We therefore recommend that, in accordance with D.C. Bar R. XI, § 11, the length of Respondent's suspension from the practice of law in the District of Columbia be for 60 days, the same length as the Virginia suspension. But we also recommend that the Court at the same time direct an immediate stay of that suspension in favor of a 60-day period of unsupervised probation. This disposition would moot all questions of nunc pro tunc treatment for purposes of reinstatement, because no future reinstatement of Respondent is anticipated. Because our recommendation stems from the unfairness of multiple suspensions that was pointed out in Goldberg, we have addressed the question whether, as a matter of fairness, the circumstances require that additional suspension order should be executed or, as we conclude, stayed in favor of probation.
Since our recommendation moots Respondent's request for nunc pro tunc treatment, we therefore have not directly considered that issue. Although nunc pro tunc treatment was involved in the Court's resolution of the Slosberg case, we do not deem that aspect of the Court's decision as providing the rule of decision in this matter. Nunc pro tunc treatment is a procedural device ordained to answer the question on what date, under D.C. Bar. R. XI, § 16(c), an additional suspension is deemed to start for reinstatement purposes. In Slosberg, however, the Court put elementary fairness above the requirements of Section 16(c). After first concluding that a three-month reciprocal suspension was warranted in Slosberg, the Court then dealt with the question when that reciprocal suspension would be deemed to start under Section 16(c). It reached the conclusion that Section 16(c) would mandate that the reciprocal suspension start on August 24, 1994, a date that would leave most of that suspension to be served after the Court's order. That result would have been plainly unfair to the respondent, because he previously had served a voluntary, self-suspension in accordance with the Goldberg rule and had been under an order to serve a lengthy District of Columbia interim suspension. Slosberg, 650 A.2d at 1332. To avoid that unfair, excessive suspension and thus achieve "[e]lementary fairness" in Slosberg, the Court employed a device, similar in some respects to a stay, that had the effect of preventing the reciprocal suspension from becoming an unfair add-on to the suspensions that the respondent previously had served.

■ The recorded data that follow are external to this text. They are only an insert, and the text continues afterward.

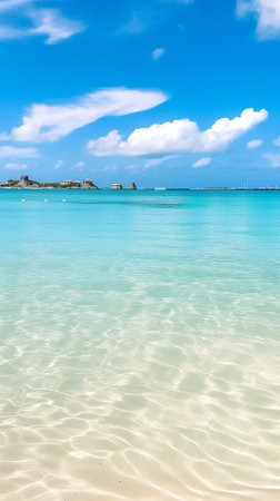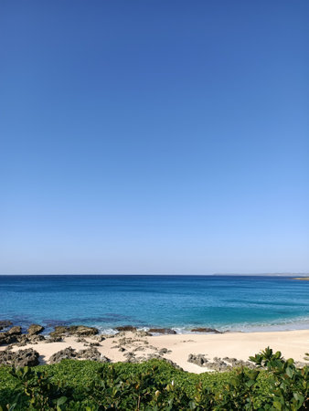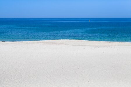 Clear blue sea and sandy beach on a bright and sunny day. Beautiful nature scenery for a holiday trip.
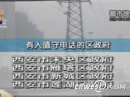 記者撥打的結(jié)果是,西安市臨潼區(qū)、西安市碑林區(qū)、西安市灞橋區(qū)、西安市閻良區(qū)等四個區(qū)政府值班電話一直沒有人接聽,而西安市未央?yún)^(qū)、西安市雁塔區(qū)、西安市新城區(qū)、西安市蓮湖區(qū)等四個區(qū)政府的值班電話一直有人接聽。
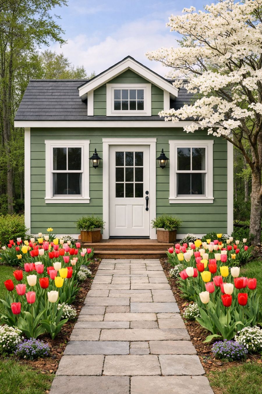 The exterior of this tiny home is a delightful blend of rustic charm and modern elegance. The sage green horizontal lap siding provides a soothing backdrop that complements the natural surroundings. Crisp white trim outlines the windows and doors, adding a touch of classic sophistication to the overall look. A wide entry path welcomes visitors, bordered by vibrant spring tulips that infuse the scene with bursts of color and joy. The presence of a blooming dogwood tree adds a graceful touch, its delicate flowers contrasting beautifully against the home's earthy hues.

The specific problem in Slosberg was somewhat like the problem in this matter. The Court's application of Section 16(c) only permitted the reciprocal three-month suspension the Court had in mind in Slosberg to start no earlier than August 24, 1994, a date that was less than one month before the date the Court had vacated respondent's interim suspension, September 20, 1994.*fn20 A three-month suspension ordered, nunc pro tunc, to commence on the date set by D.C. Bar Rule XI, § 16(c) therefore would have required the respondent in Slosberg to undergo two months of suspension in addition to the lengthy periods he already had served. To resolve that problem, the Court held that "[e]lementary fairness require[d] that we ignore the effect of this court's [September 20, 1994] order" vacating the interim suspension, and it deemed that interim suspension to have continued in effect until November 24, 1994. Id. (emphasis added). By this device, the Court gave the respondent in Slosberg credit for three full months of previously suspended practice (from August 24 to November 24), even though the actual time he was suspended after complying with Section 14(g) had only been less than a month (from August 24 to September 20, 1994). That constructive three-month period of suspended practice was equal to the three-month suspension entered as reciprocal discipline, and the respondent was not ordered suspended for any time after the Court's reciprocal disciplinary order was entered.
Ignoring the effect of a previous order is one way for a court to achieve elementary fairness. Staying the effect of a prospective disciplinary order at the time of its entry is another way to attain the same goal. In this matter, we recommend the stay as a direct method of affording Respondent elementary fairness in the face of the tangled web of disciplinary procedural rules in which we now find him ensnarled.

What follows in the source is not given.